3A is an inner surface view of the first lid 11a made of glass, which is the lid 10 of the first piezoelectric device 100, and FIG. 3B is a top view of the crystal frame 20 having the tuning fork type crystal vibrating piece 21. FIG. FIG. 3C is a top view of the first base 31 a made of glass, which is the base 30. FIG. 3D is a schematic cross-sectional view showing the first piezoelectric device 100 in the AA cross section of FIG.

  In the first piezoelectric device 100, a first base 31 a is joined under the crystal outer frame portion 22 so as to sandwich the crystal outer frame portion 22 of the crystal frame 20, and the first lid 11 a is placed over the crystal outer frame portion 22. Are joined.

The first lid 11a and the first base 31a are made of glass. As shown in FIG. 3A, the first lid 11a has a concave portion 12 for the lid on one side on the crystal outer frame side.
As shown in FIG. 3 (b), the crystal frame 20 with the connecting portion shown in the first embodiment is used. In the present embodiment, a metal film 45 is provided on the front and back surfaces of the crystal outer frame portion 22. The metal film 45 is formed by a technique such as sputtering or vacuum deposition. The metal film 45 is composed of an aluminum (Al) layer, and the thickness of the aluminum layer is about 1000 to 1500 mm.

  As shown in FIG. 3C, the first base 31a has a base recess 32 on one side on the crystal outer frame side. The first base 31a is made of glass, and when the base recess 32 is provided by etching, the first through hole 33 and the second through hole 34 are simultaneously formed. A first connection electrode 46 and a second connection electrode 47 are provided on the surface of the first base 31a.

  The first through hole 33 and the second through hole 34 are formed with a metal film on the inner surface, and the metal film on the inner surface is formed by a photolithography process simultaneously with the first connection electrode 46 and the second connection electrode 47. A gold (Au) layer or a silver (Ag) layer is formed on the inner metal film. The first base 31a includes a first external electrode 48 and a second external electrode 49 that are metallized on the bottom surface. The first connection electrode 46 is connected to the first external electrode 48 provided on the bottom surface of the first base 31 a through the first through hole 33. The second connection electrode 47 is connected to the second external electrode 49 provided on the bottom surface of the first base 31 a through the second through hole 34.

  The first base electrode 41 and the second base electrode 42 formed on the back surface of the crystal outer frame portion 22 are connected to the first connection electrode 46 and the second connection electrode 47 on the surface of the first base 31a, respectively. That is, the first base electrode 41 is electrically connected to the first external electrode 48, and the second base electrode 42 is electrically connected to the second external electrode 49.

  As shown in the schematic cross-sectional view of FIG. 3D, the piezoelectric device superimposes FIG. 3A, FIG. 3B, and FIG. 3C to perform anodic bonding. For example, the first lid 11a and the first base 31a are made of Pyrex (registered trademark) glass, borosilicate glass, soda glass, or the like, and these are glasses containing metal ions such as sodium ions. The crystal outer frame portion 22 includes a metal film 45 on the front surface and the back surface, and the metal film 45 is formed of aluminum. A first lid 11a having a lid concave portion 12 and a first base 31a having a base concave portion 32 are overlapped with each other centering on a crystal outer frame portion 22 having a tuning fork type crystal resonator 21. In this embodiment, aluminum (Al) is used for the metal film 45, but any metal capable of anodic bonding may be used, and titanium (Ti), chromium (Cr), cobalt (Co), nickel (Ni), cadmium ( Anodizable metals such as Cd) and tin (Sn) can be used.

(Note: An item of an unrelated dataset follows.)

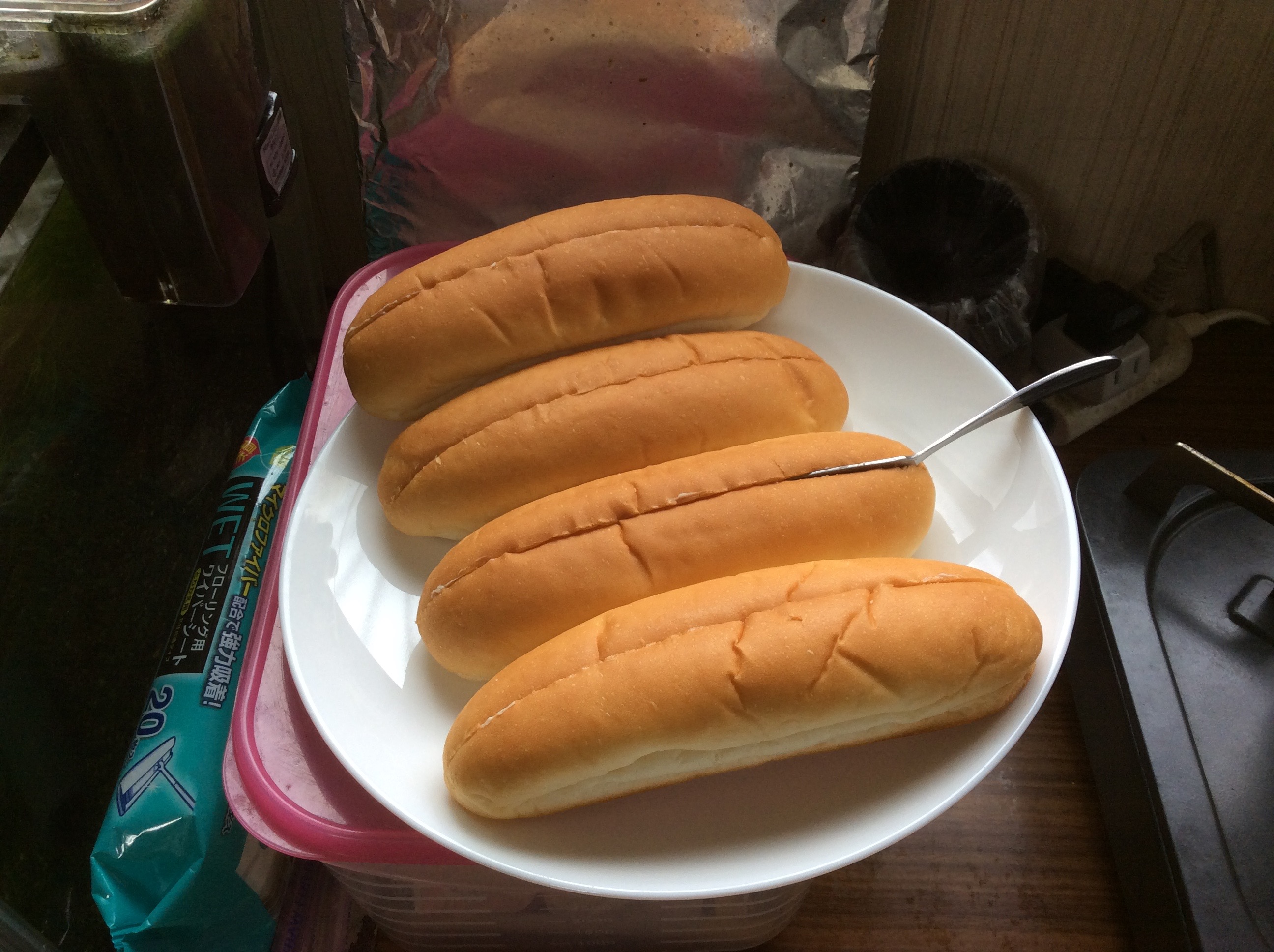 パンにバターを塗る。その間にウィンナーを茹でておく。

  The first piezoelectric device 100 of the present invention adjusts the frequency during the manufacturing of the piezoelectric device. The frequency adjustment is performed by bonding the first base 31a and the crystal outer frame portion 22 by an anodic bonding technique in a vacuum or in an inert gas to adjust the frequency. Details of the frequency adjustment will be described later in a fourth embodiment. After the frequency adjustment, the first base 31a and the crystal frame 20 are bonded to the first lid 11a and the crystal outer frame portion 22 by an anodic bonding technique in vacuum or in an inert gas, and the first through hole 33 and the second crystal frame 20 are connected to each other. The first piezoelectric device 100 is completed by sealing the through hole 34 with a metal material.

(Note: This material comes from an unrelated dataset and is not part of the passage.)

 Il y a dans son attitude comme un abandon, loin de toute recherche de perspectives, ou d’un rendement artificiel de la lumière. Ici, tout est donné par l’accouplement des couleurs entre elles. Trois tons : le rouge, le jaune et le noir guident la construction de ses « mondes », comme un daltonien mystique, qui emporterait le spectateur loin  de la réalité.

  Anodic bonding is established by a chemical reaction in which a metal at the bonding interface is oxidized. For example, in the anodic bonding of the crystal outer frame portion 22 with the first lid 11a and the first base 31a, a metal film formed by sputtering or the like on both surfaces of the crystal outer frame portion 22 is brought into contact with the bonding surface of the glass member, and the anode Join.

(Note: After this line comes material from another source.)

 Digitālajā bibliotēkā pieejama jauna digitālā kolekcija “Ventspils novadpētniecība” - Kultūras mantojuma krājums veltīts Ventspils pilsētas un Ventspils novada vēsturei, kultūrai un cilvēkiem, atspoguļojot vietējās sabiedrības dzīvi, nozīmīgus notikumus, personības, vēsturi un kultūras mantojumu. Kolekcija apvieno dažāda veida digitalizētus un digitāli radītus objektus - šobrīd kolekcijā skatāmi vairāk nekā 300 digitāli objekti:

  When anodic bonding is performed, a metal film is used as an anode, a cathode is disposed on a surface facing the bonding surface of the glass member, and an electric field is applied therebetween. As a result, metal ions such as sodium contained in the glass move to the cathode side. As a result, the metal film in contact with the glass member at the bonding interface is oxidized, and a state where both are connected is obtained. In the present embodiment, a predetermined metal such as aluminum and a predetermined dielectric are brought into contact with each other and heated (about 200 ° C. to 400 ° C.), and a voltage of about 500 V to 1 kV is applied, whereby the metal and the glass are applied. And are joined.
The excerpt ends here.